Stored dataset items
------
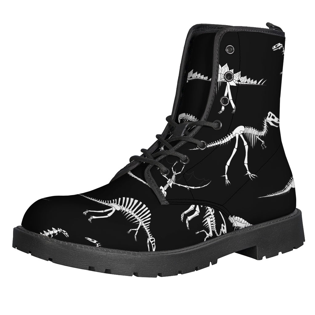 Groovy Dinosaur Fossil Print Leather Boots for Hippie Fashionistas
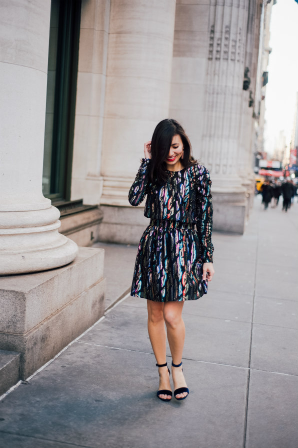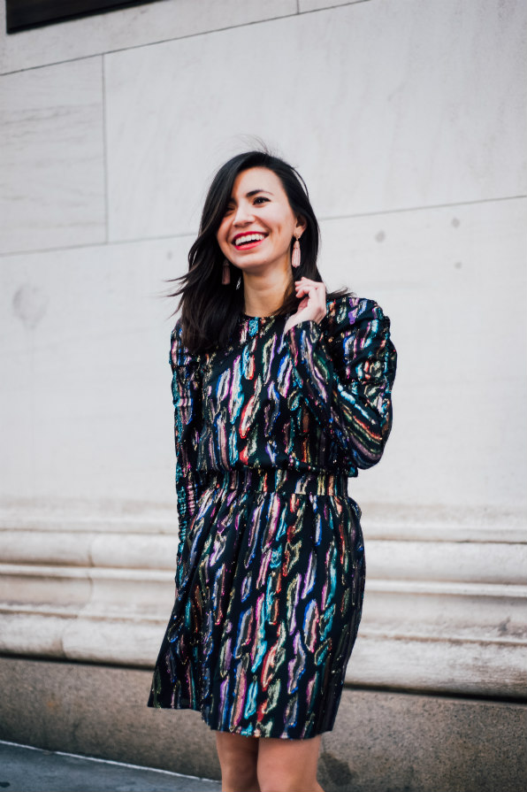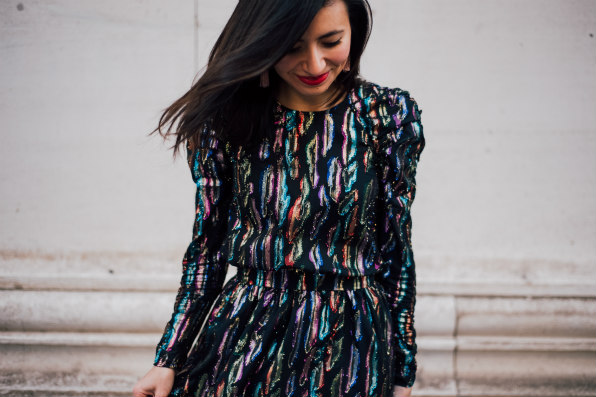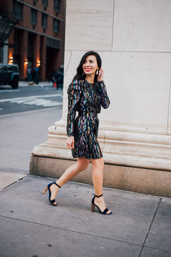 & Other Stories Disco Dress | Marc Fisher Glitter Block-Heels |
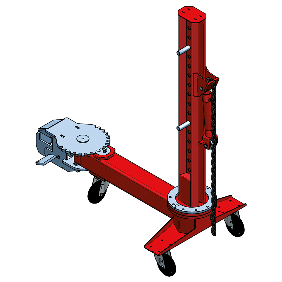 Dispositivo mecânico vermelho e cinza com rodas e corrente
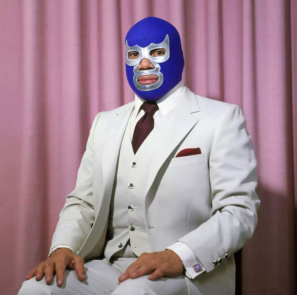 Personal identity takes center stage in many of the artworks, such as Lourdes Grobet’s arresting portrait of Blue Demon. “The reality is that for wrestlers of this caliber, you never take your mask off,” explains Morales. For many wrestlers, that means that identity is a clean slate that can be invented, idealized, and exhibited on the wrestler’s terms.
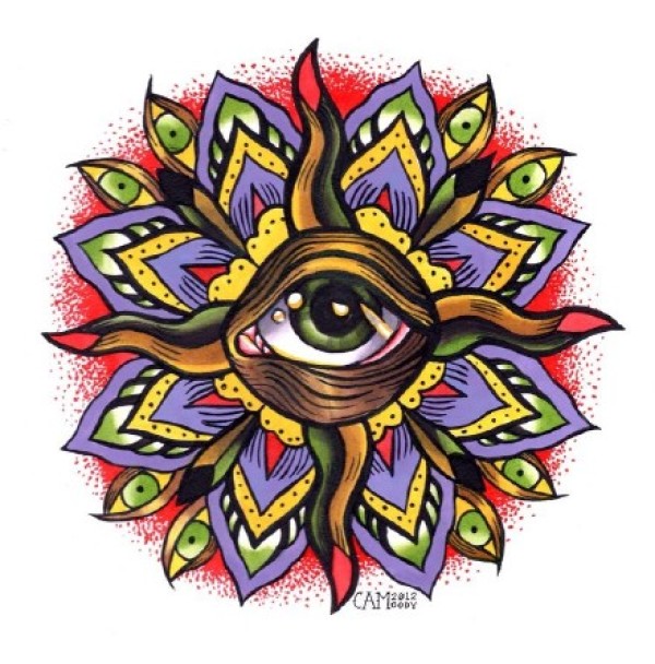 oldschool风格的彩色花卉曼达拉纹身手稿
------
- [What the task asks]:
Set the pictures aside and reproduce the data above exactly.

- [Written answer]:
 Groovy Dinosaur Fossil Print Leather Boots for Hippie Fashionistas
 & Other Stories Disco Dress | Marc Fisher Glitter Block-Heels |
 Dispositivo mecânico vermelho e cinza com rodas e corrente
 Personal identity takes center stage in many of the artworks, such as Lourdes Grobet’s arresting portrait of Blue Demon. “The reality is that for wrestlers of this caliber, you never take your mask off,” explains Morales. For many wrestlers, that means that identity is a clean slate that can be invented, idealized, and exhibited on the wrestler’s terms.
 oldschool风格的彩色花卉曼达拉纹身手稿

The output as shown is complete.